I am sitting in Leigh’s townhouse. From here I can see downtown Oakland, the Bay Bridge and now I can see downtown San Francisco; the city is just emerging from the morning fog, a cold grey silhouette. I knew it was there. For the past hour I’ve been sitting at the window, sipping coffee, waiting for the city to reappear. I wanted to see the moment. I wanted to be present when the city returned like Avalon from the mists of time.

Lora tells me that her mother used to stop what she was doing and go outside to watch the sun disappear beneath the horizon. Every evening of her adult life, for a few moments, she would step outside, feel the last rays of the days’ sun on her face and watch until the last hint of light dipped beneath the horizon. In my imagination she stepped out of her “to-do list” and for a few moments stood as a silent witness, present in the world.

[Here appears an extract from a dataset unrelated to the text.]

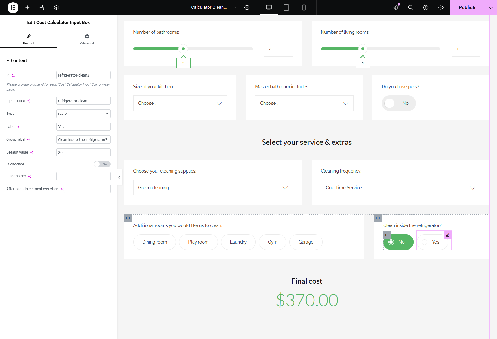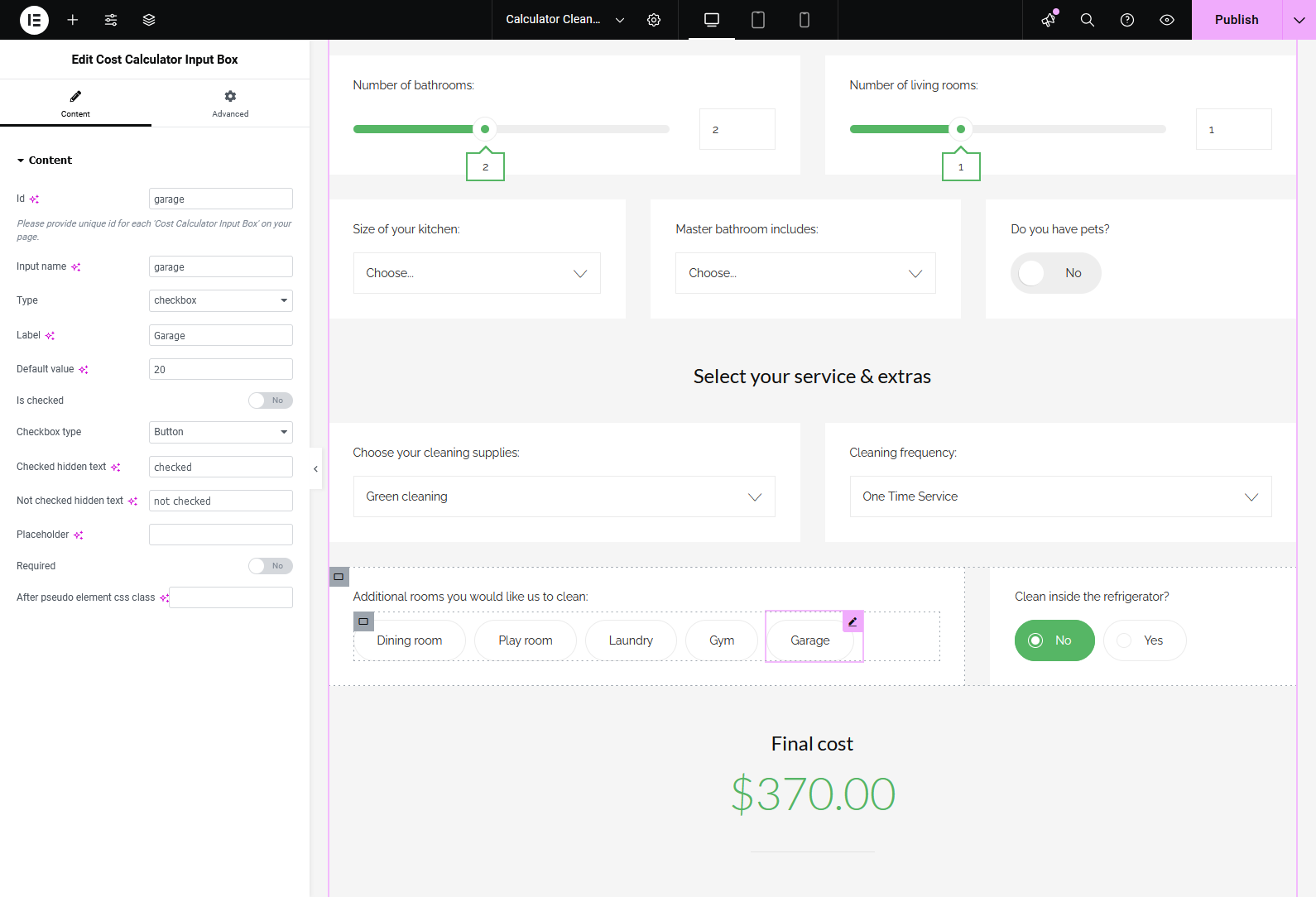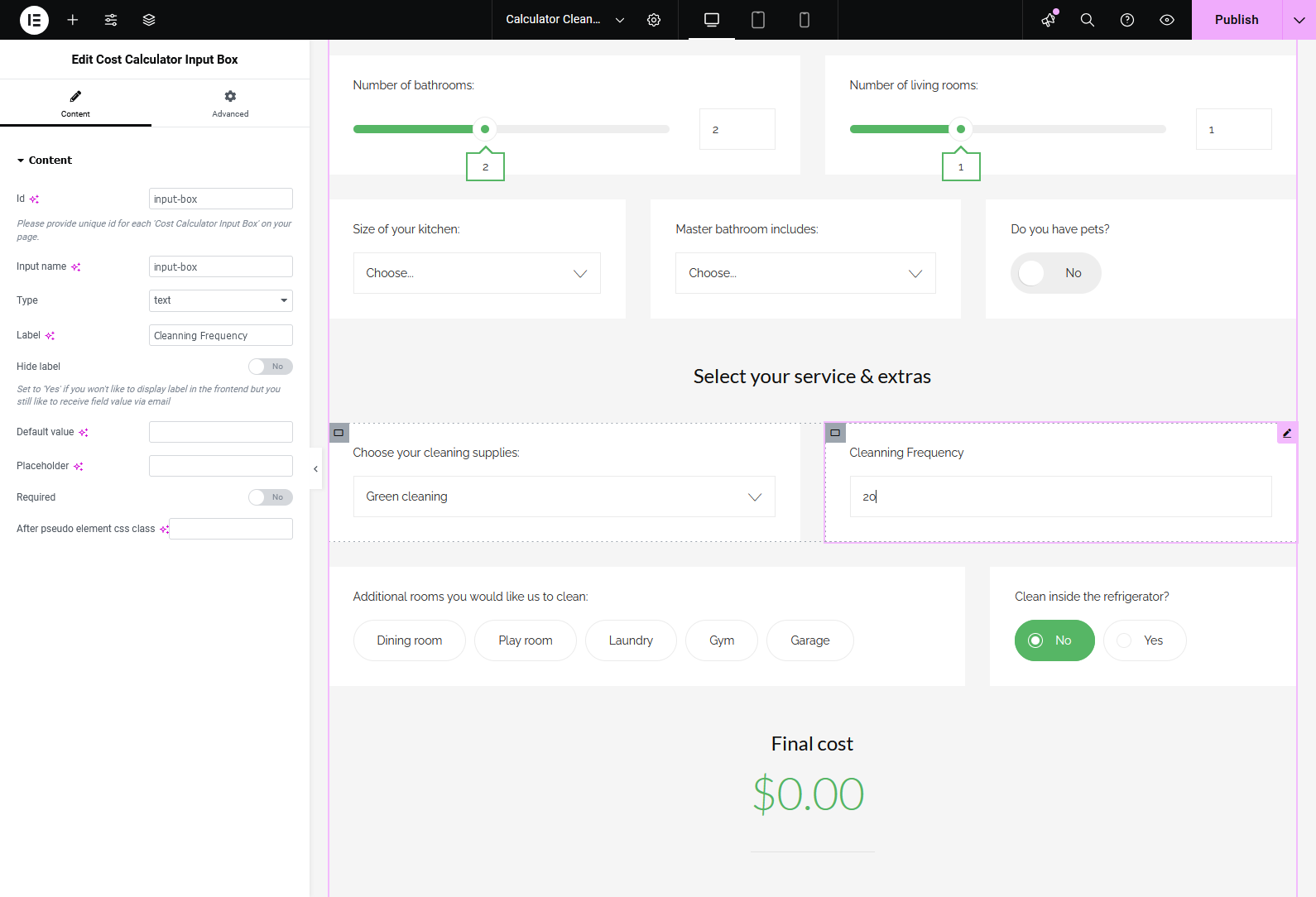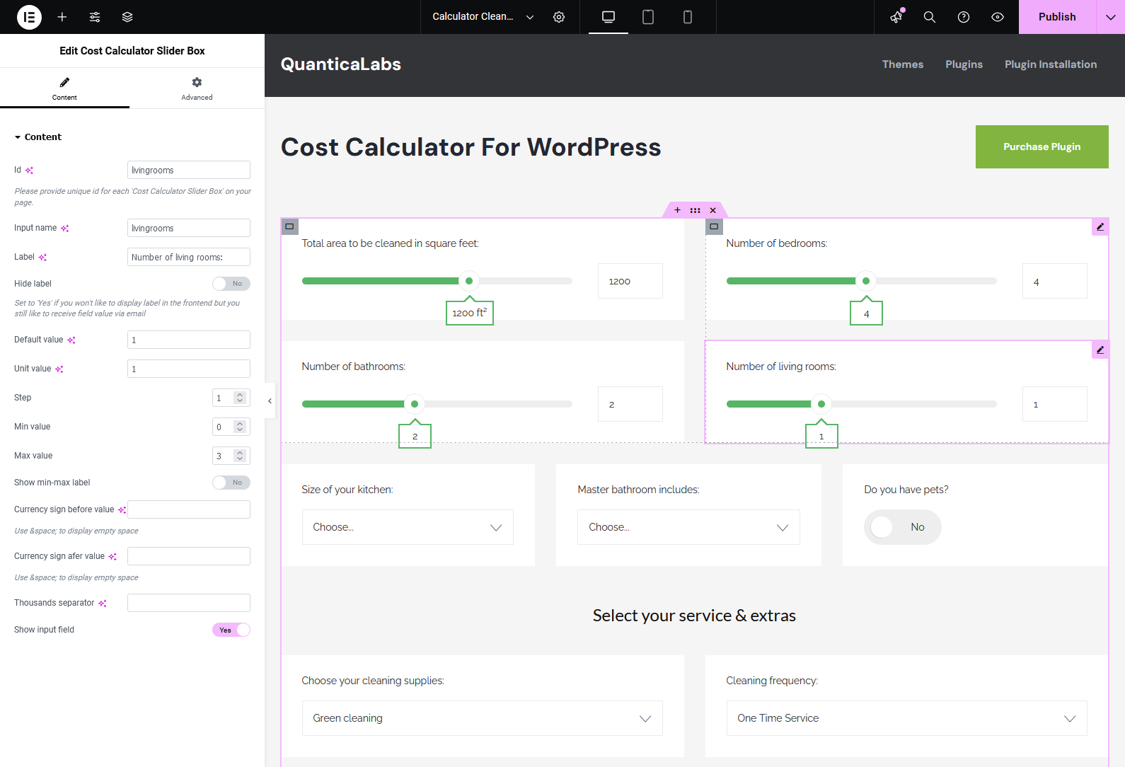 If you’re using the Elementor Website Builder for WordPress, the Cost Calculator plugin offers dedicated integration with 8 custom widgets: Cost Calculator, Form Container, Dropdown Box, Slider Box, Input Box, Switch Box, Summary Box, and Contact Box. These widgets allow you to visually build and customize calculator forms directly inside Elementor. See it in action.

These rituals of appearance and disappearance are much on my mind. There are cultures that face east in the dark predawn hours and sing so that the sun will rise. It took me years to understand that their song was not so much about invoking the sun to rise (a result) as much as it was about reaffirming their connection to the cycles of life (a relationship). While going through college I drove a bread truck to support myself. My route took me east so I saw the sun rise every morning. After several weeks of watching the sunrise something changed in me. I no longer watched sunrise as an event or a marker of time. The sun rising had little to do with time. It had everything to do with renewal and affirmation. The sun invoked a song in me and I sang with a kind of abandon I have not known since. It was an imperative. I had to participate in the reappearance of the sun.

My friends surprise me sometimes because they see my time in the bread truck as a hardship or as something beneath me. They say, “I don’t know how you did that.” They do not understand; at that point in my life I had disappeared like San Francisco into the fog. I was in a liminal space, no longer what I was and not yet what I would become. I was like the body of the caterpillar gone to mush, unrecognizable with no hint of the butterfly yet apparent. I was lost and afraid. The bread truck was my cocoon. In the stillness of the predawn hours I regained the quiet of my mind. I lived simply. I delivered bread, I drank coffee, I ate hot baguettes, and each morning the sun raised from within me a song of renewal. In my bread truck I began to understand that my life would no longer be understood through results, lists, achievements, or outcomes. The meaning of my life would be defined by the quality of my relationships – and by that I mean my capacity to be present. Slowly, I appeared out of the fog.

Most of the people I coach are somewhere in the cycle of reappearing or disappearing. They are usually uncomfortable because they are still living under the expectation that their song must raise the sun (their focus is on the result). The things on their to-do list have overtaken the reason why they are doing them. We live in a society that has little awareness or appreciation of the cycles of life and sometimes I think my work is simply to give witness to the caterpillar as it reduces to mush. Disappearing is natural and necessary for the butterfly to emerge and the butterfly always emerges. The struggle is necessary. Resisting the change is like trying to keep the sun from going down.

Leigh is one of the world’s leading authorities on Rock Art (cave painting, petroglyphs, etc.) and his townhouse is a feast for someone like me. It is a treasure house of books and images from Rock Art sites – places where centuries ago humans scratched an image into rock or painted a picture on the wall of a cave. We don’t know why they made these images, we can only speculate about the figures and what they represent. I’m willing to bet that these people weren’t working for some effect or result. The images they created were less important than the relationships the image encouraged; the “doing” was in support of the “being” and happened in that space between disappearing and reappearing.